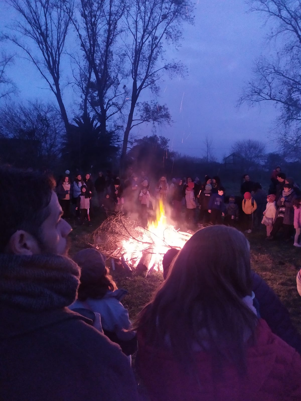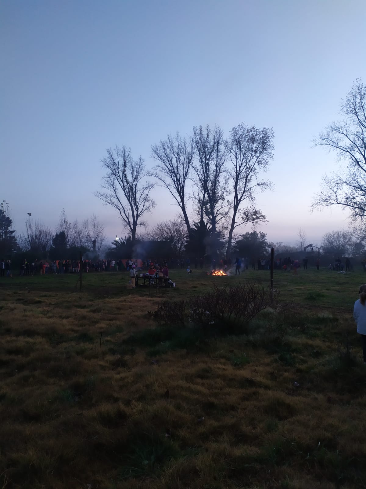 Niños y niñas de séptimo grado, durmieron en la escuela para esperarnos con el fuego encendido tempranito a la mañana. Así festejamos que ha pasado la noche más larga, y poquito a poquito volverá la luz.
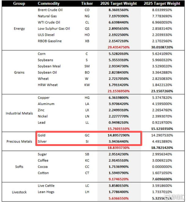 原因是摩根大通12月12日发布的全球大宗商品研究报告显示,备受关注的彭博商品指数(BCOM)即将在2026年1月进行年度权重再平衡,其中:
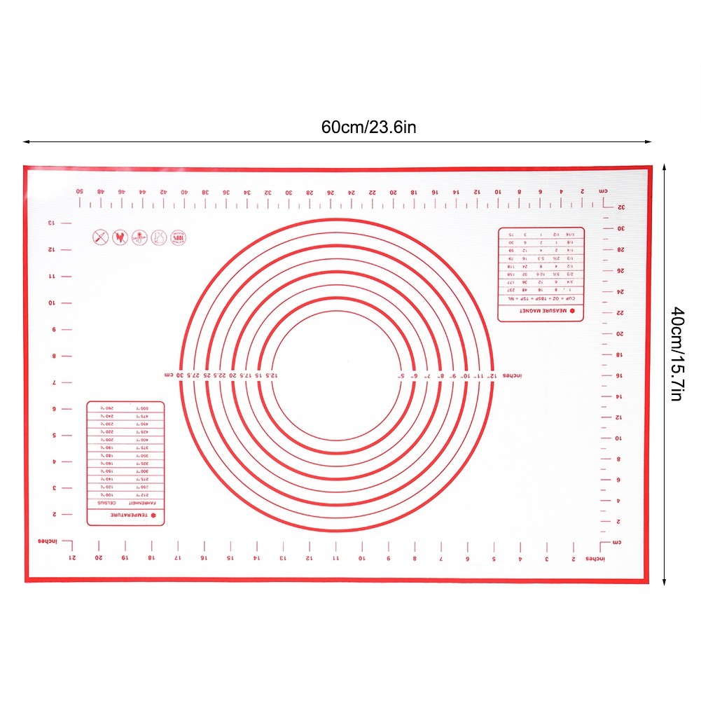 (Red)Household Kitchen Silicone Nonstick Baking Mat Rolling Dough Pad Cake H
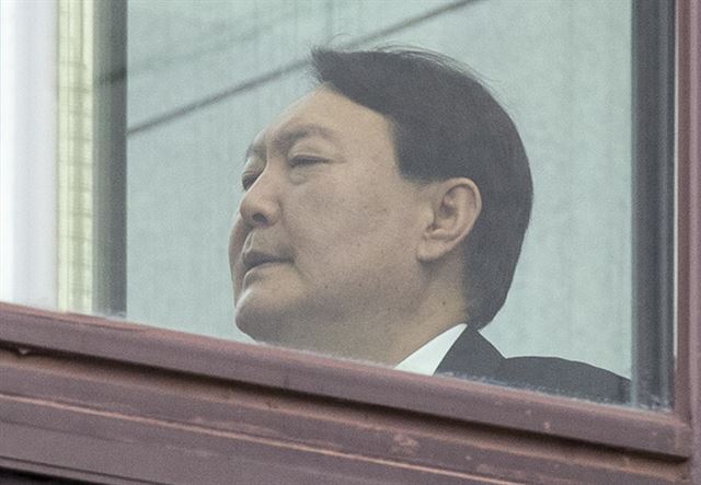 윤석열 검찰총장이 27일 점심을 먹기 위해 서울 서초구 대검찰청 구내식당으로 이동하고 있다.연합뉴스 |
....
ASSIGNED TASK: Provide the lines again, unchanged, from where the data above begins through the line containing "原因是摩根大通12月12日发", both ends included, omitting pictures and adding nothing.

SOLUTION BELOW:
 Niños y niñas de séptimo grado, durmieron en la escuela para esperarnos con el fuego encendido tempranito a la mañana. Así festejamos que ha pasado la noche más larga, y poquito a poquito volverá la luz.
 原因是摩根大通12月12日发布的全球大宗商品研究报告显示,备受关注的彭博商品指数(BCOM)即将在2026年1月进行年度权重再平衡,其中:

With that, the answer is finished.